At first, this was like NEWS to me because I never thought about hypothesis testing this way. Who talks about partitioning the parameter space into three sets? This is a decision theoretic way to approach a statistical inference problem. Indeed discussion decision theory was part of Stat 210 at Harvard, but that was only after all discussions about hypothesis testing (including nonparametric tests and asymptotic tests) were done.  Here we do not even have an alternative hypothesis.

Another interesting notion is the idea of ‘acceptance’ here. We learn from textbook that we can only ‘reject null with some confidence’ but ‘not reject’ is not the same as ‘acceptance’. Why? One, because we have another option — get more data. Two, because ‘not reject’ might consist of two regions: zone of preference for acceptance and zone of indifference. I believe that the three zones of preference theory would really clear the discussions about “isn’t not reject the same as accept?”.

Ideally we want to have $L(\theta) = 1 \ \forall \theta \in \omega$ and $L(\theta) = 0 \ \forall \theta \not\in \omega.$ But because of randomize in observations, this is not achievable with finite samples. Instead we can give it some slack and require that $1 - L(\theta) \leq \alpha$ for every $\theta$ in the zone of preference for acceptance  and $L(\theta) \leq \beta$ for every $\theta$ in the zone of preference for rejection.  These already looks like power and level from our textbook, except that we do not have an $H_1$ yet! A test satisfying the two equations above are called admissible.

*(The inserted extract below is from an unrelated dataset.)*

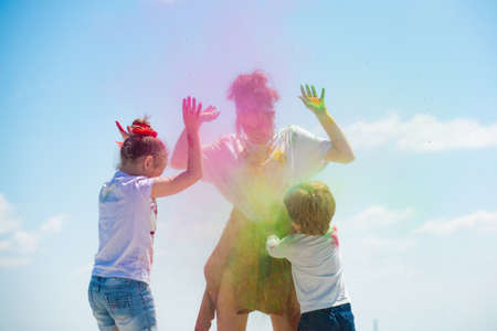 Children with paintings face play with colored splash powder and color dust.

Admissibility, which I believe is the same admissibility from decision theory) is defined using the OC function, which describes how well the test is making correct decisions. In order to define efficiency, we need to examine the ASN function. Recall that for every  set $S$ and parameter $\theta$ the expected number of samples required is $\mathbb{E}_\theta(n|S)$. If there is an admissible test $S_0$ such that $\mathbb{E}_\theta (n|S_0) = \min_{S} \mathbb{E}_\theta(n|S)$ for every $\theta$  then $S_0$  is the ‘uniformly best test.’ In general this is too good to be true because the above equation has to be true for every value of $\theta$.

But we can define ‘optimum test’ if we have simple hypotheses $H_0: \theta = \theta_0$ and $H_1: \theta = \theta_1 \not= \theta_0.$ We can use Type I and II errors ($\alpha, \beta$) to define ‘strength’ of a test and if a test $S_0$ exists such that $\mathbb{E}_{\theta_0}(n|S_0) \leq \mathbb{E}_{\theta_0}(n|S)$ and $\mathbb{E}_{\theta_1}(n|S_0) \leq \mathbb{E}_{\theta_1}(n|S)$ for every $S$ of the same strength, then $S_0$ is an optimum test.

Concluding remarks:

Unlike treatment of fixed-sample size NHST controlling Type I and II error with Neyman-Pearson lemma to get ‘most powerful level $\alpha$ test’, in a sequential test we are looking for tests achieving the greatest efficiency (measured by average number of sample required) under some Type I and II error control (characterized by $(\alpha,\beta)$-strength).

Instead of straighforwardly presenting the framework to us, Wald carefully walks the reader through the development of the theory motivated by decision  theoretic considerations like: 1) what is the loss of a bad decisions? 2) what are some good properties of a sequential test? This chapter offers intuitions rather than extensive mathematical derivations and I would recommend it to anyone interested in statical inference and sequential testing in particular. The reader do need a good understanding of notions like power and significance level to appreciate it!

References:

Wald, Abraham. Sequential analysis. Courier Corporation, 1973.